• What is required:
Would you restate the entries below word for word, leaving out the images?
-- Opening Marker --
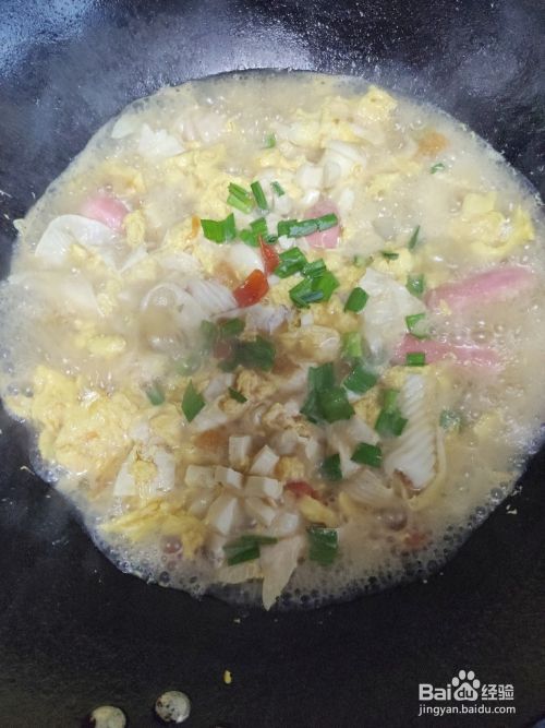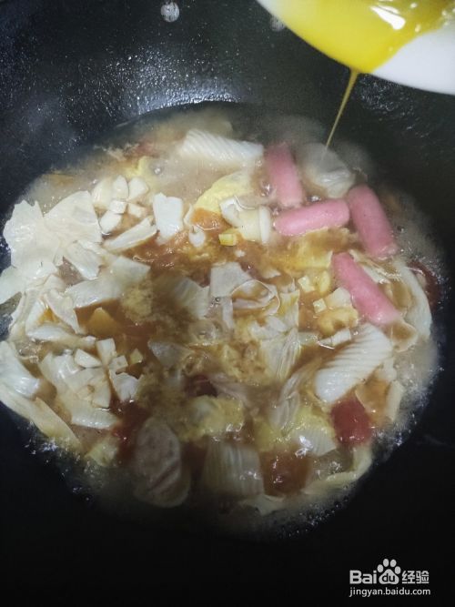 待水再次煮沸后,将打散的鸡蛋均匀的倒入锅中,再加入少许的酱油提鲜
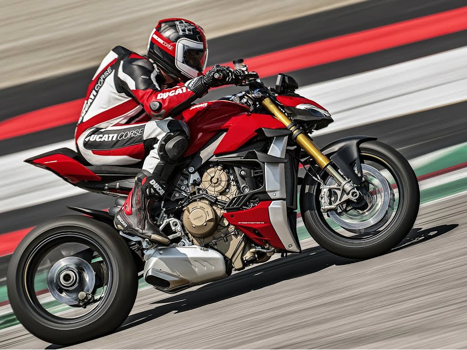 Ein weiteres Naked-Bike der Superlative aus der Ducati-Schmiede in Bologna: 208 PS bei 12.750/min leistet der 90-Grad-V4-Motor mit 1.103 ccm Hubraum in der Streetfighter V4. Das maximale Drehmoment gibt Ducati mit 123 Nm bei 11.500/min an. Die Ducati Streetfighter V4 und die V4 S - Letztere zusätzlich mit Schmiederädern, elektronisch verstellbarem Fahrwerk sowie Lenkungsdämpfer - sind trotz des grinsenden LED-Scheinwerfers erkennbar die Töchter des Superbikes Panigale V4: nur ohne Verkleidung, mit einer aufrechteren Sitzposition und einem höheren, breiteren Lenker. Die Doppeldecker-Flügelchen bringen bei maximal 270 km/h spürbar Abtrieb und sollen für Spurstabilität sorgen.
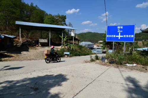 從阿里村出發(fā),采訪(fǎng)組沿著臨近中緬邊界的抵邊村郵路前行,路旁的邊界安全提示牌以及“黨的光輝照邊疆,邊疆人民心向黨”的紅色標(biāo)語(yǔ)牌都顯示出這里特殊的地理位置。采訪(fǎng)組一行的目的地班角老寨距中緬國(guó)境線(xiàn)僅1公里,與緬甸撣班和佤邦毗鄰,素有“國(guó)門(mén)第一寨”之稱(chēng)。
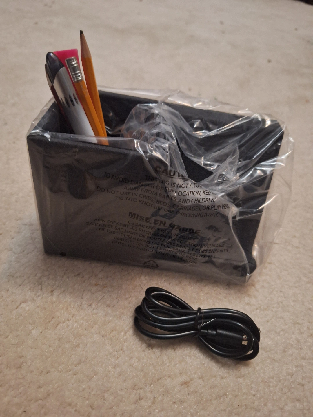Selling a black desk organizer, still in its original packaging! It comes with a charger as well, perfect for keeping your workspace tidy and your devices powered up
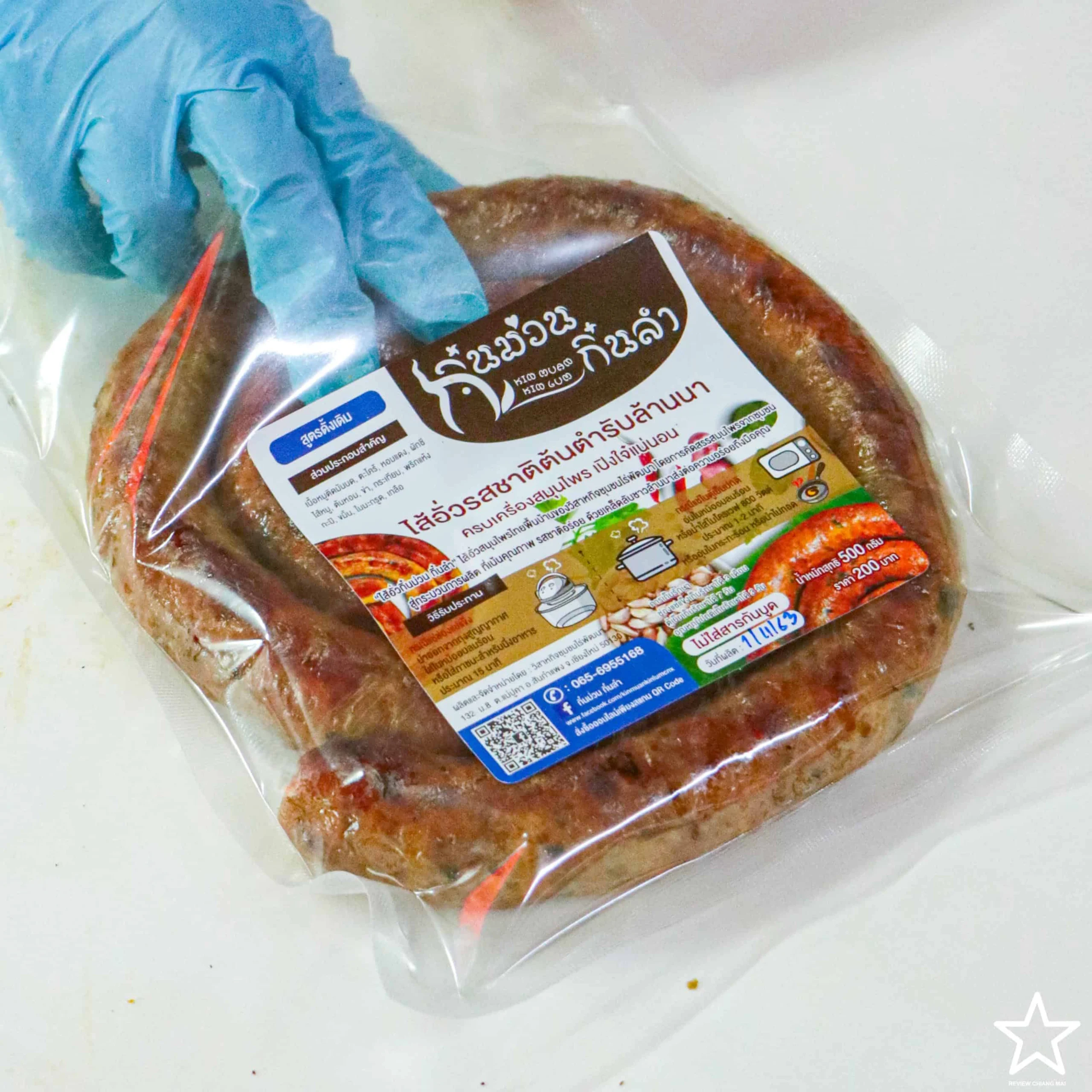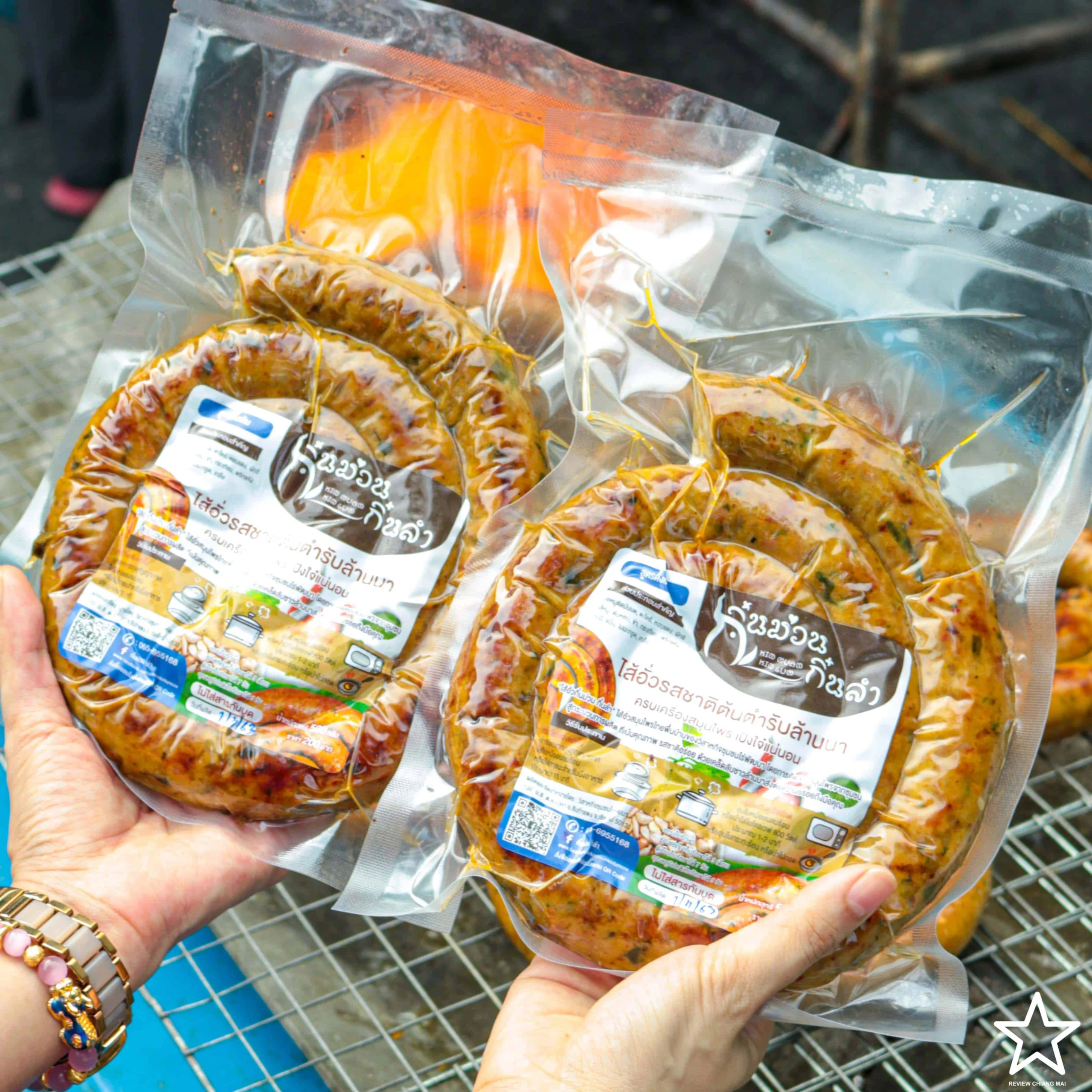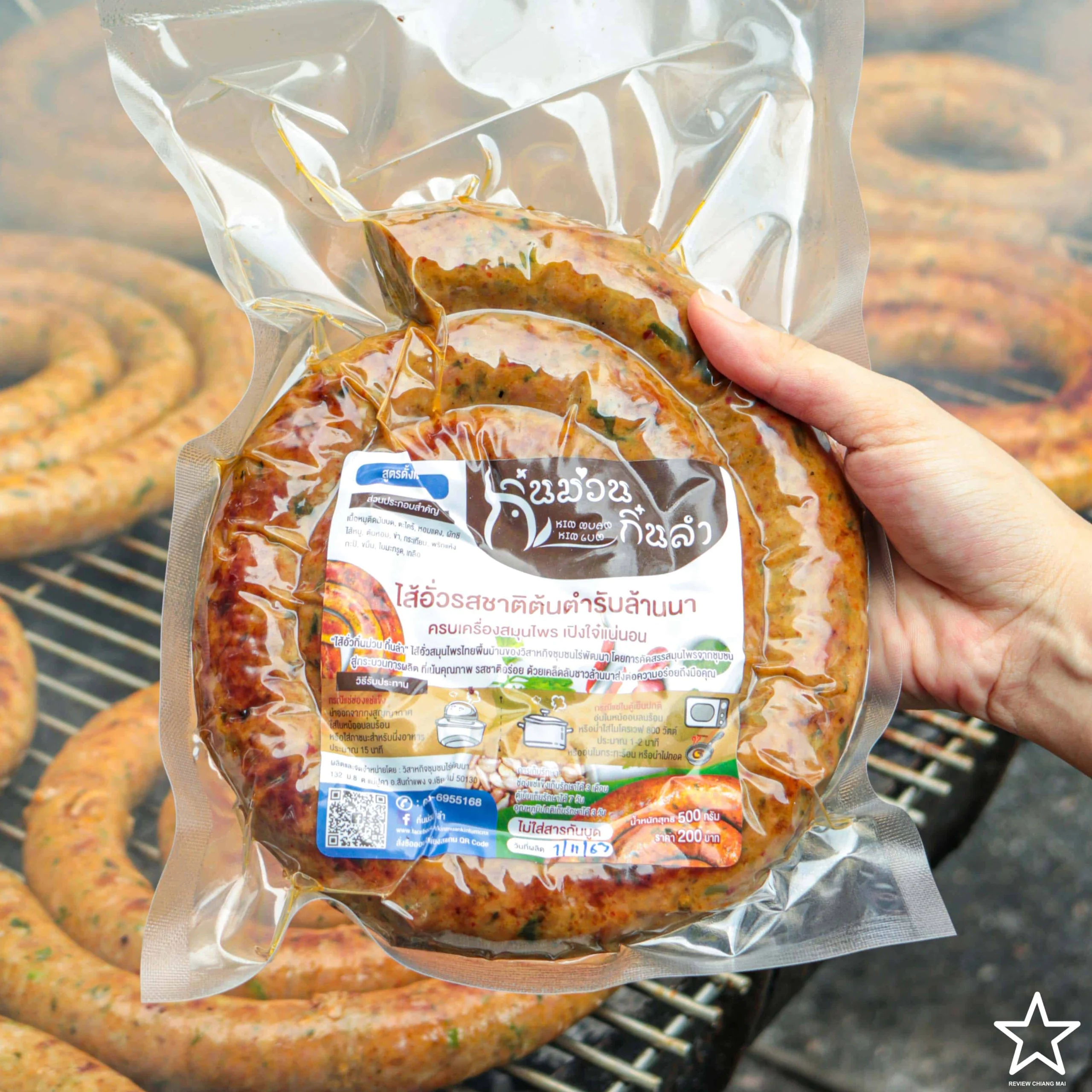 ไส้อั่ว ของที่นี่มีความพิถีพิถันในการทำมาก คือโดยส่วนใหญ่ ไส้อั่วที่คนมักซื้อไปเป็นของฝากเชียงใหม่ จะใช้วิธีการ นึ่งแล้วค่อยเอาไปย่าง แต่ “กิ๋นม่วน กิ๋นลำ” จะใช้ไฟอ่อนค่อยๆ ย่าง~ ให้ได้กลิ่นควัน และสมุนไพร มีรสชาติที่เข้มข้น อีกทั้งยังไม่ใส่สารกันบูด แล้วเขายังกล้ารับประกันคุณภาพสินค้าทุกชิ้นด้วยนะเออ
-- Closing Marker --
• Written answer:
 待水再次煮沸后,将打散的鸡蛋均匀的倒入锅中,再加入少许的酱油提鲜
 Ein weiteres Naked-Bike der Superlative aus der Ducati-Schmiede in Bologna: 208 PS bei 12.750/min leistet der 90-Grad-V4-Motor mit 1.103 ccm Hubraum in der Streetfighter V4. Das maximale Drehmoment gibt Ducati mit 123 Nm bei 11.500/min an. Die Ducati Streetfighter V4 und die V4 S - Letztere zusätzlich mit Schmiederädern, elektronisch verstellbarem Fahrwerk sowie Lenkungsdämpfer - sind trotz des grinsenden LED-Scheinwerfers erkennbar die Töchter des Superbikes Panigale V4: nur ohne Verkleidung, mit einer aufrechteren Sitzposition und einem höheren, breiteren Lenker. Die Doppeldecker-Flügelchen bringen bei maximal 270 km/h spürbar Abtrieb und sollen für Spurstabilität sorgen.
 從阿里村出發(fā),采訪(fǎng)組沿著臨近中緬邊界的抵邊村郵路前行,路旁的邊界安全提示牌以及“黨的光輝照邊疆,邊疆人民心向黨”的紅色標(biāo)語(yǔ)牌都顯示出這里特殊的地理位置。采訪(fǎng)組一行的目的地班角老寨距中緬國(guó)境線(xiàn)僅1公里,與緬甸撣班和佤邦毗鄰,素有“國(guó)門(mén)第一寨”之稱(chēng)。
Selling a black desk organizer, still in its original packaging! It comes with a charger as well, perfect for keeping your workspace tidy and your devices powered up
 ไส้อั่ว ของที่นี่มีความพิถีพิถันในการทำมาก คือโดยส่วนใหญ่ ไส้อั่วที่คนมักซื้อไปเป็นของฝากเชียงใหม่ จะใช้วิธีการ นึ่งแล้วค่อยเอาไปย่าง แต่ “กิ๋นม่วน กิ๋นลำ” จะใช้ไฟอ่อนค่อยๆ ย่าง~ ให้ได้กลิ่นควัน และสมุนไพร มีรสชาติที่เข้มข้น อีกทั้งยังไม่ใส่สารกันบูด แล้วเขายังกล้ารับประกันคุณภาพสินค้าทุกชิ้นด้วยนะเออ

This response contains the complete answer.